I have to say though, I would not bet against American ingenuity. Just because of how high-profile our experience in Orlando is right now, we are in conversation with dozens of testing companies. We’re studying all kinds of new, relatively inexpensive, rapid tests. The extent those tests are successful and coming to market, that will also open up more possibilities for us in bringing fans into arenas, even prevaccine.
SI: Has putting all this together been easier or harder with a newborn in your life?

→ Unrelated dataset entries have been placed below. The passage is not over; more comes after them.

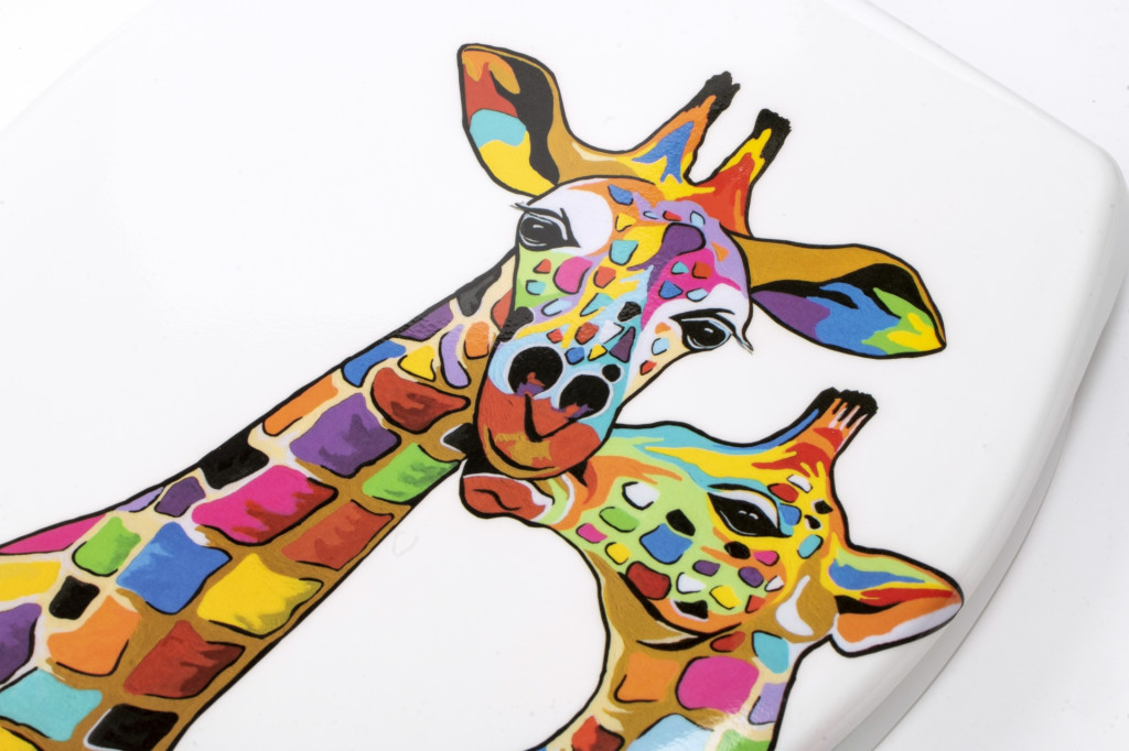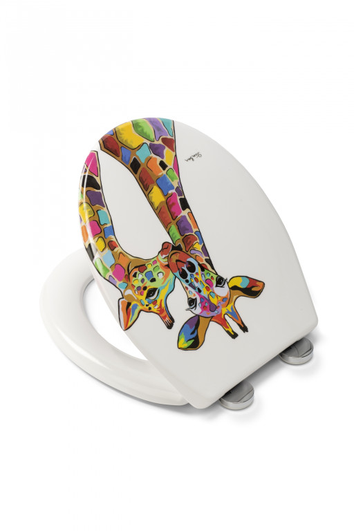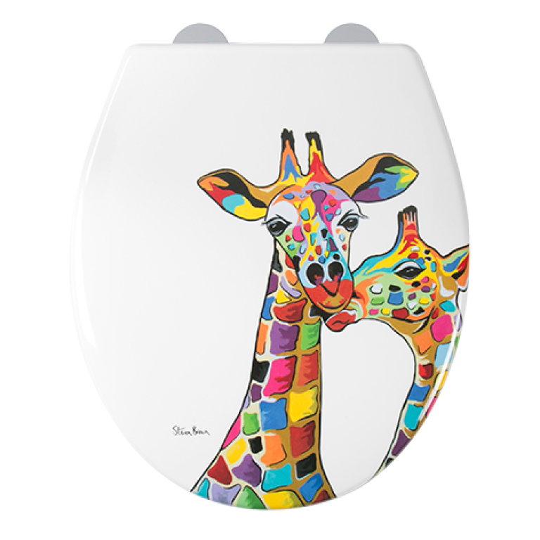 Enjoy a morning zoo with this vibrant toilet seat featuring original artwork from celebrated artist Steven Brown.
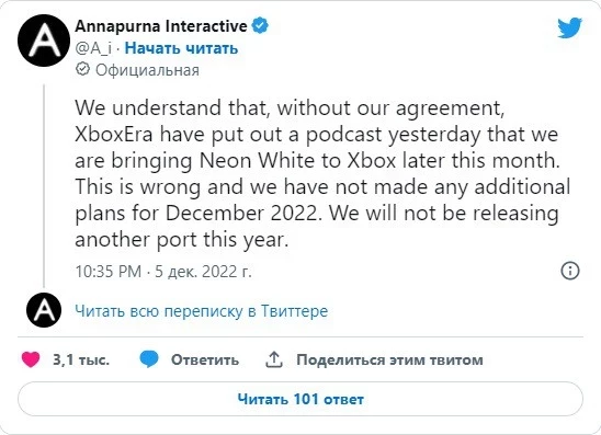 Компания опровергла информацию Бейкера, заявив, что не планировала ничего на декабрь 2022 года, а порт Neon White для PlayStation будет единственным в этом году. Судя по всему, владельцам Xbox придется ждать до 2023-го.
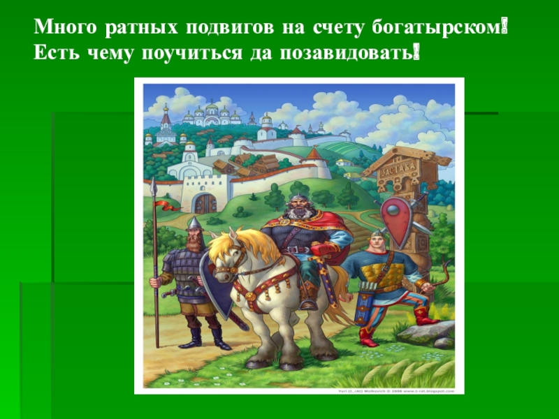 Слайд 5Много ратных подвигов на счету богатырском! Есть чему поучиться да позавидовать!

AS: [Laughs.] In some ways, easier. The silver lining—no pun intended—has been that. My wife and I had a child in the middle of this, in mid-May, a new daughter. And that’s the time of year where I would have been on the road. There’s no doubt I would have spent some time at home, but it probably wouldn’t have been more than a week in the middle of the playoffs. And so the fact that I’ve been around not just my newborn, but also my three-year-old daughter, and watching her develop over the last four months, having the opportunity to spend time with her every day, having her sort of sit on my lap for a lot of the Zoom calls, despite all the difficulties over this period, has been a real joy in my life.